Когда они покончили свои дела и готовились к отъезду, мессер Джери устроил великолепный пир, на который, приглашая нескольких из наиболее именитых граждан, велел позвать и Чисти, который ни под каким видом не захотел пойти. Тогда мессер Джери приказал одному из своих слуг пойти к Чисти за бутылью вина, чтобы за первым блюдом каждому гостю налить его по полустакану. Слуга, может быть, рассерженный тем, что ему ни разу не удалось отведать того вина, взял большую бутыль; когда Чисти увидел ее, сказал: «Сын мой, мессер Джери не ко мне послал тебя». Слуга несколько раз заверял его в том и, не добившись другого ответа, вернулся к мессеру Джери и сказал ему о том. Мессер Джери возразил ему: «Вернись туда и скажи, что посылаю тебя к нему я; если же он еще раз ответит тебе так же, спроси его, к кому я тебя послал». Вернувшись, слуга сказал: «Чисти, мессер Джери в самом деле послал меня к тебе». На это Чисти ответил: «Наверно не ко мне, сын мой». – «Коли так, то к кому же он послал меня?» Чисти ответил: «На Арно».

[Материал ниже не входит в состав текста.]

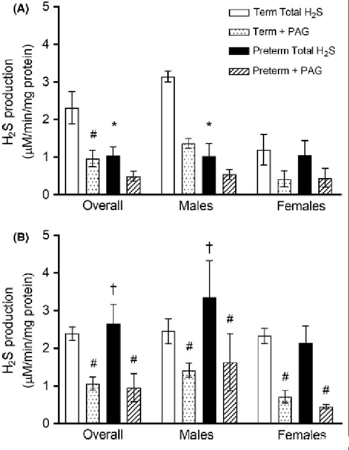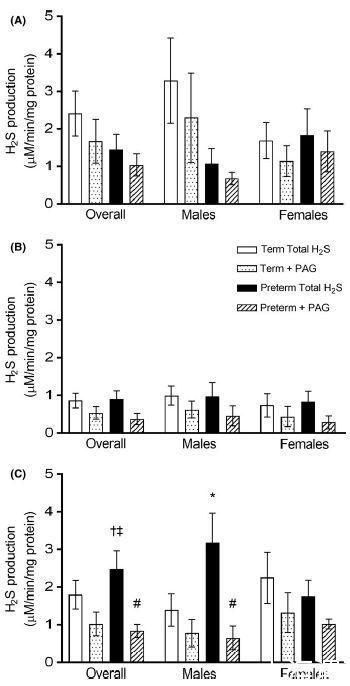 圖4、收集自胎兒(圖A;足月雄性,n=4;足月雌性,n=3;早產雄性,n=4;早產雌性,n=4)和產后24小時的新生兒(圖B;足月雄性,n=4;足月雌性,n=3;早產雄性,n=3;早產雌性,n=4)的心臟能夠產生硫化氫,當提供過量的底物和輔因子時。添加丙炔氨酸(PAG)表明,在產后心臟中,總硫化氫的一個顯著比例是通過依賴CSE的機制產生的。*P<0.05與同一性別的相應足月組比較,?P<0.05與胎兒時間點內的相應胎齡組比較,#P=0.05與相應的總硫化氫產生值比較。

Когда слуга донес о том мессеру Джери, у него вдруг открылись глаза, и он сказал слуге: «Покажи-ка мне, какую бутыль ты туда носил?» Увидев ее, он сказал: «Правду говорит Чисти»; и, побранив слугу, он велел взять более подходящую. Когда Чисти увидел ее, сказал: «Вот теперь я вижу, что он посылает тебя ко мне, и охотно наполню ее». В тот же день, распорядившись налить тем же вином бочонок, он велел тихонько снесть его в дом мессера Джери, затем пошел туда сам и, встретив его, сказал: «Мессере, я не желал бы, чтобы вы подумали, что меня испугала утрешняя бутыль, но так как мне представилось, вы забыли, что я показал вам намедни моими маленькими кувшинами, то есть, что это вино не столовое, я и хотел напомнить вам об этом сегодня утром. Теперь, не желая быть более его сторожем, я послал его вам все: делайте с ним впредь, что хотите».

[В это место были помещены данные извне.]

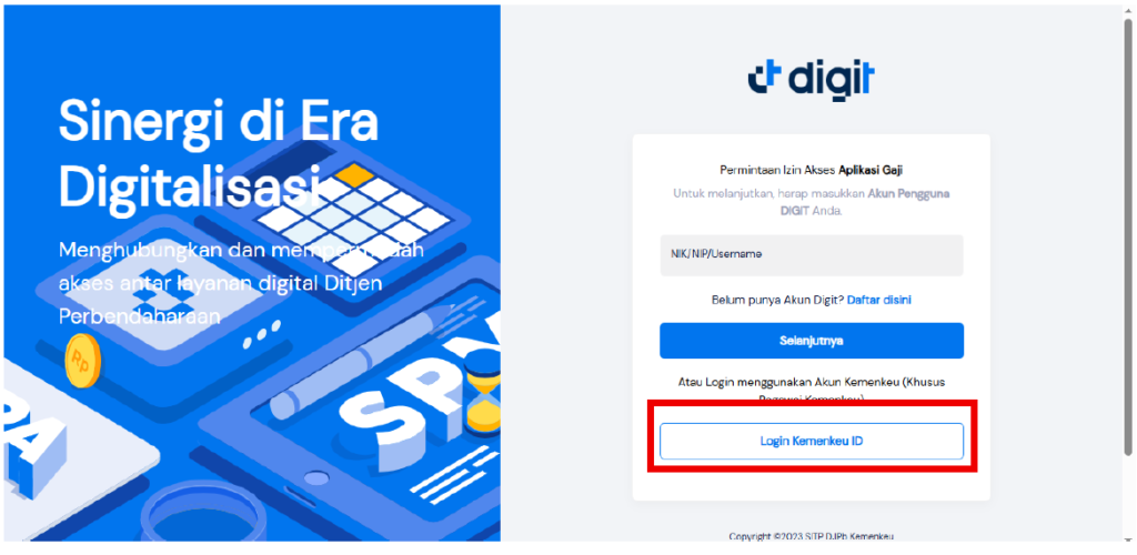 Buka https://gaji.kemenkeu.go.id dan silahkan masuk menggunakan Kemenkeu ID Anda.

Мессер Джери очень охотно принял подарок Чисти, воздал ему благодарность, какая ему показалась приличной, и с тех пор всегда считал его человеком достойным и своим приятелем.
Новелла третья
Монна Нонна находчивым ответом прекращает менее чем приличные шутки флорентийского епископа
Когда Пампинея окончила свою новеллу и все очень похвалили ответ и щедрость Чисти, королеве заблагорассудилось, чтобы далее рассказывала Лауретта, которая и начала весело таким образом: – Милые дамы, сначала Пампинея, а теперь Филомена очень верно коснулись и нашей малой умелости, и красот острого слова; к этому нечего более возвращаться, разве к тому, что сказано было об остротах, о которых я хочу напомнить вам, что они, по существу, должны причинить такое укушение слушателю, как кусает овца, не как собака; ибо если бы острота грызла как собака, была бы не остротою, а бранью. Вот это и сделали отлично и слова мадонны Оретты и ответ Чисти. Правда, если говорится в ответ и отвечающий кусает как собака, ибо и он был наперед угрызен как бы собакой, за это не надо упрекать, как бы то следовало, если бы того не случилось; поэтому необходимо смотреть, как и когда и кому, а также и где говорятся остроты. Так как некогда один наш прелат мало принял это во внимание, то получил укушение не меньше того, какое сам учинил, что и я хочу показать вам в короткой новелле.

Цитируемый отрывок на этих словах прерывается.